The leg thing seems more like a setup issue than a geometry issue, but if your inseam is correct then I’d assume you’d have a very long torso, and then I could see why they would recommend the F as the reach would be longer with most setups. However theoretically speaking more saddle-bar distance is possible on the Z series since the seat and heat tubes diverge at a greater angle, whereas on the F series they are closer to parallel. Though in order to achieve this you would need to run an aggressive setup with a lot of handlebar drop, which kind of defeats the purpose if you’re looking at the Z for a relaxed fit.
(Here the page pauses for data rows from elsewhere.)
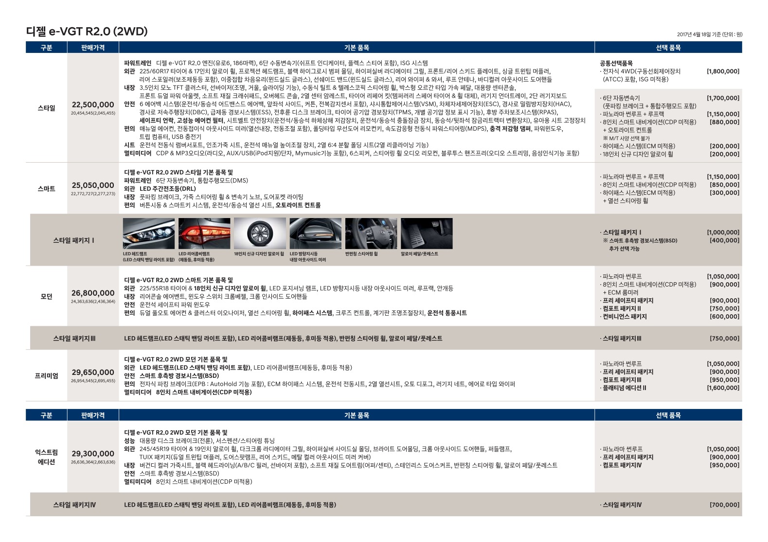 ※ 본 가격표의 모든 저작권은 해당 차량 제조사에 있습니다.
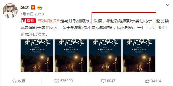 可是导演韩寒在微博的一记剧透,让诸多猜测炸开了锅。
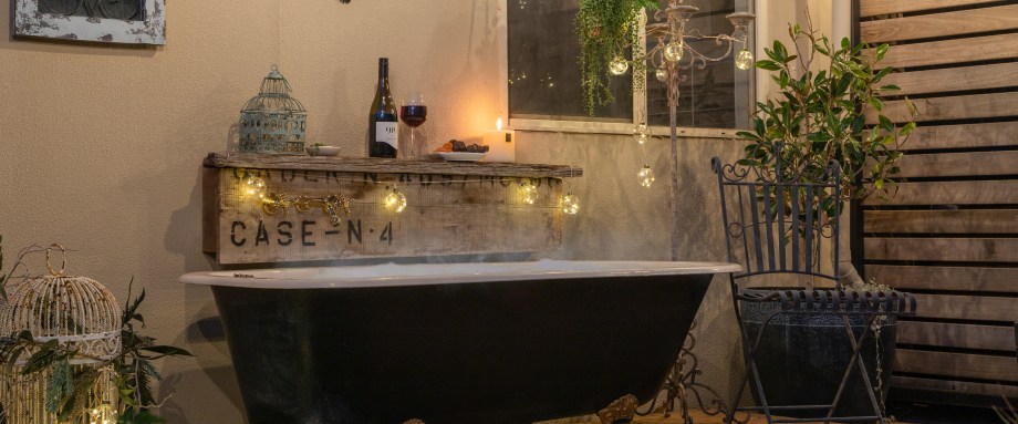 Outdoor bathrooms are beautiful spaces to indulge your senses for you to just feel connected to the outdoors like you do in the claw foot- bath at Crossfield Cottage B&B.
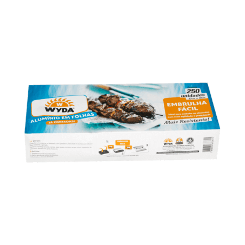 Embrulha Fácil são Folhas de Alumínio já cortadas, prontas para o uso. Cada folha de Alumínio do Embrulha Fácil, contém 27cm x 30cm, com 250 unidades de folhas por embalagem.
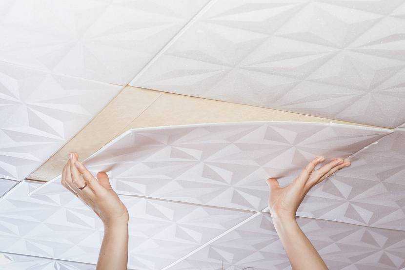 Как клеить потолочную плитку
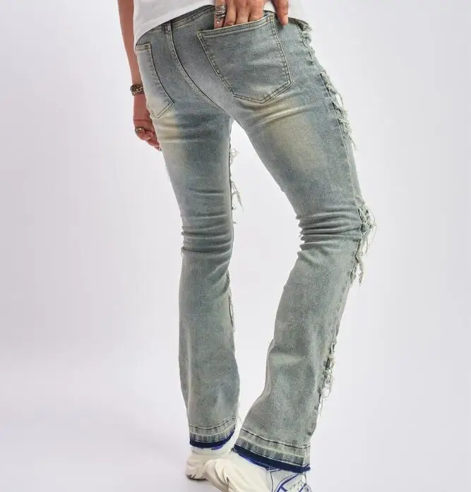 High Quality Trendy Stacked Pants Wholesale Tight and Perforated Men’s Jeans Street Straight Denim Pant
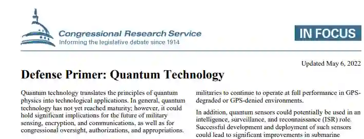 量子技术将量子物理学的原理转化为技术应用。总的来说,量子技术还没有达到成熟的程度;然而,它可能对未来的军事传感、加密和通信,以及对国会的监督、授权和拨款有重大影响。
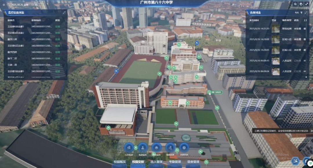 “校园出入口是人流最大的一个区域,通过系统对人员一个分类管理,可设置不同的进入权限,有效防止陌生人随意进入校园。还有之前巡逻是固定的时间地点,缺乏这个灵活性,难以应对动态的风险。如今借助这个系统能够精准识别高风险地点,使保安工作更聚焦于重点区域的巡逻。”广州市八十六中学校园安防负责人陈先生表示,“以前是用脚巡逻,现在是用心守护。”
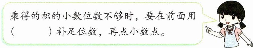 乘得的积的小数位数不够时,要在前面用( )补足位数,再点小数点。
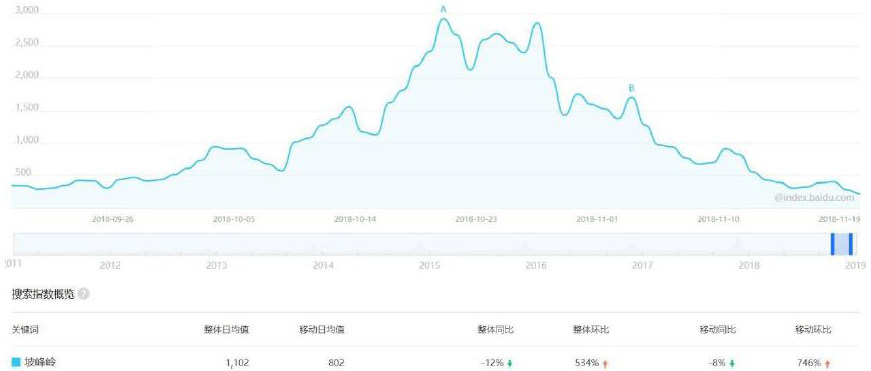 基于指数网站对坡峰岭近一年的网络关注度分析

On the other hand because the F has a such a short head tube, I’d be worried you might have to run more spacers than would be safe.


----------



## BenHC (Aug 22, 2010)

Thanks for the responses. I think it's so cool that Dave replies in these forums. Felt is an awesome company! I thought it was strange that the first shop told me that a Z wouldn't fit me if adjusted to my size. I found another Felt dealer that offered to measure me before they even put me on some test bikes (Edge Cyclesports). Plus, they have a guy that does the full computerized fit once you buy the bike from them. I think I've found my shop of choice.


----------